__Available data__.
***
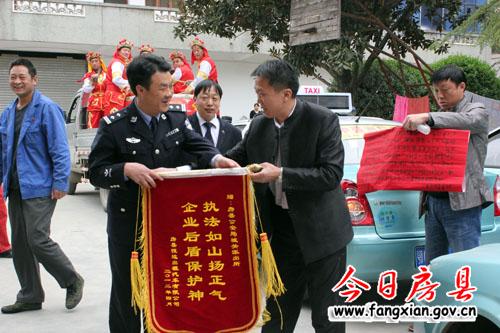 恒達(dá)出租車公司總經(jīng)理白金洲將錦旗送到城關(guān)派出所所長(zhǎng)手中
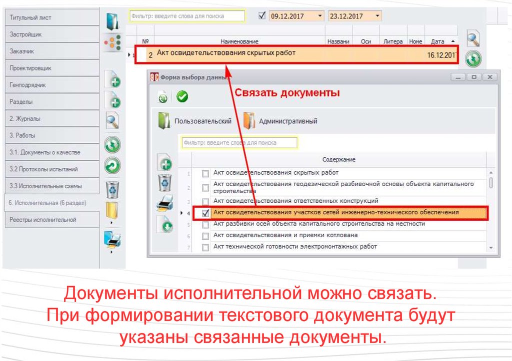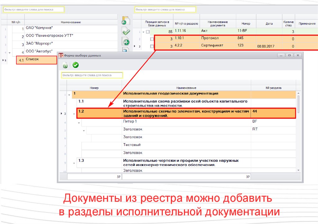 Документы из реестра можно добавитьв разделы исполнительной документации
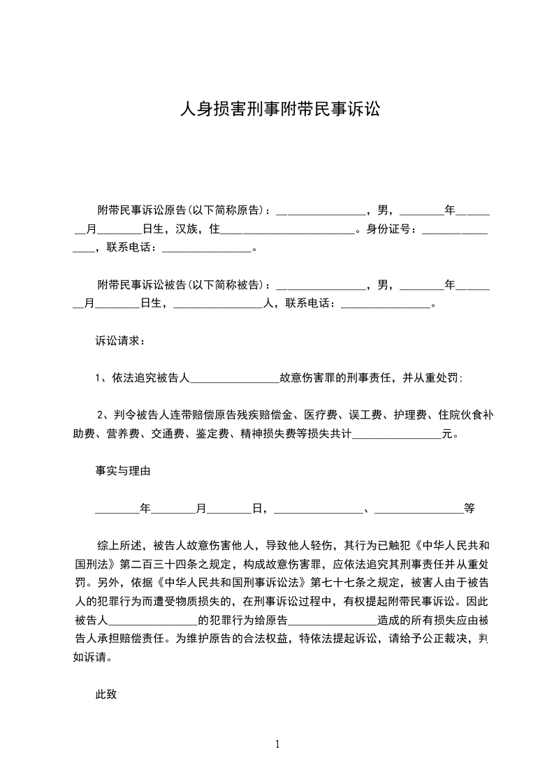 附带民事诉讼被告(以下简称被告):________________,男,________年________月________日生,________________人,联系电话:________________。
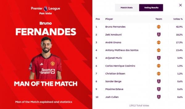 本次票选共有13912次有效投票,其中B费获得了42.9%的投票成功当选全场最佳,排名第二的阿姆杜尼得票率为18.2%,第三的奥纳纳得票率17.3%。
***
__Assignment__.
Omit any images, then output the listing exactly.

__Output__.
 恒達(dá)出租車公司總經(jīng)理白金洲將錦旗送到城關(guān)派出所所長(zhǎng)手中
 Документы из реестра можно добавитьв разделы исполнительной документации
 附带民事诉讼被告(以下简称被告):________________,男,________年________月________日生,________________人,联系电话:________________。
 本次票选共有13912次有效投票,其中B费获得了42.9%的投票成功当选全场最佳,排名第二的阿姆杜尼得票率为18.2%,第三的奥纳纳得票率17.3%。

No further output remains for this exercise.